She'd never been very good, but that didn't matter now. Before her was a melting pot of class, born rich, born poor, made-it-big and lost-it-all. Money wasn't important any more. Just survival.

And surviving was fast becoming a luxury none could afford.

For just one brief moment, she contemplated joining the crowd. Perhaps she would be one of the lucky ones... Perhaps (and the guilt in the thought did not sting as much as it might once have) she would survive while the rest of these people died. Safely floating away in the bathysphere she'd once come in on. She'd looked with awe unbelieving on Rapture that day. It was nothing compared to what she'd feel to see the sky again.

But the thought evaporated under the heat of innumerable desperate bodies. There would be no "lucky ones". Everyone before her, everyone she knew, the whole _goddamned_ city, was going to die.

She was going to die. There was no way out.

There was no way out.

There was no way out.

And she was going to die.

She delicately tapped the golden button. The door slid shut and she resisted the urge to think of how the bars made her feel trapped, imprisoned in a sinking cage even as the elevator ascended.


	2. Gramophone

**Chapter Two – Gramophone**

The apartment was plain and dingy. The only way to tell that it had been lived in at all was that some of the paint stains looked fairly fresh. May was careful to put the chain on when she shut the door. This apartment obviously had nothing worth taking, but thieves didn't seem to care about such trivialities as picking their targets any more.
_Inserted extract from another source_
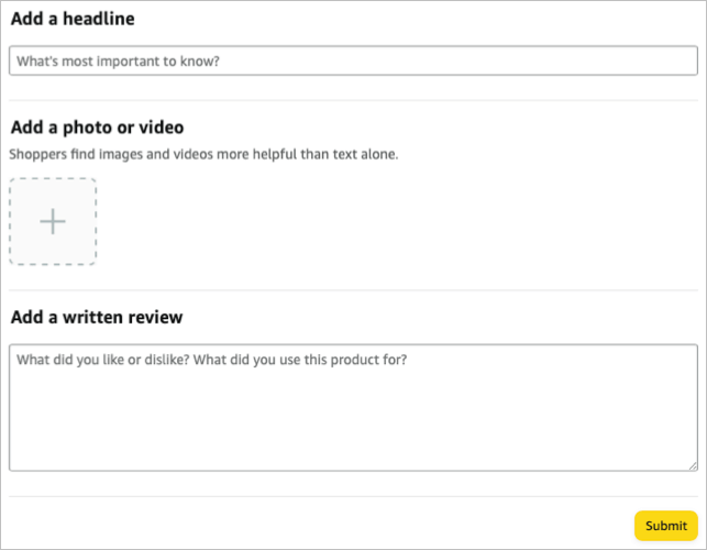 - Add a headline for the title of your review and optionally include photos or videos if you believe it’ll help other shoppers.

And one thing Rapture had taught everyone of her inhabitants was just how easily a life held tenderly against one's chest could be ripped away. A heart on one's sleeve torn off and left too bleed. A skull cracked, a throat cut, a body charred beyond all recognition by fire and lightening, flung about by men who looked like demons and thought themselves gods.

She sat in her only chair, hands folded in her lap. The canvases stacked haphazardly in the corner were a little green around the edges, the paint was beginning to run, too. But it had been a while since anything as base and quaint as a painting come be sold in this city. To think that one of her little sketches had caught Ryan's eye an eternity ago. Her ticket to Rapture...

She wished she'd burnt it, torn it up, become a shopkeeper just like Daddy, just been a little less accomplished at her art. Anything that meant she wouldn't be here, in these dirty clothes in this dirty flat, waiting to find out how she'd die.

She touched her fingertips to her face. Plain, dull and forgettable, but still recognisably hers, if a little worn. The woman two doors down had spent every cent she could get (May didn't like to think on how she got them) on Adam. Smoother skin, fuller lips. She'd looked stunning. And then the money ran out and she didn't look stunning for very long after that. Evicted, she'd still wandered the halls every other day or so, broke in and stole whatever she could from the occupants.

She thought about the last time she'd seen Gracie Stevens, and pushed her hands into her skull, as if the memories could be forced out if she could only push hard enough.

May wished now that she hadn't called the police, but what else could she do?

And she'd known that the bathysphere station would be hopeless, but what else could she do?

…

Nothing moved in the grimy apartment, but it was not silent. The steady drip-drip of something leaking somewhere. What sounded like begging from the hall outside. A scratching in the walls that in any other city might have been rats.

From one of the adjacent rooms, the creaky strains of a gramophone leaked through the cheap plaster.

A thin sobbing that echoed strangely in this dusty space.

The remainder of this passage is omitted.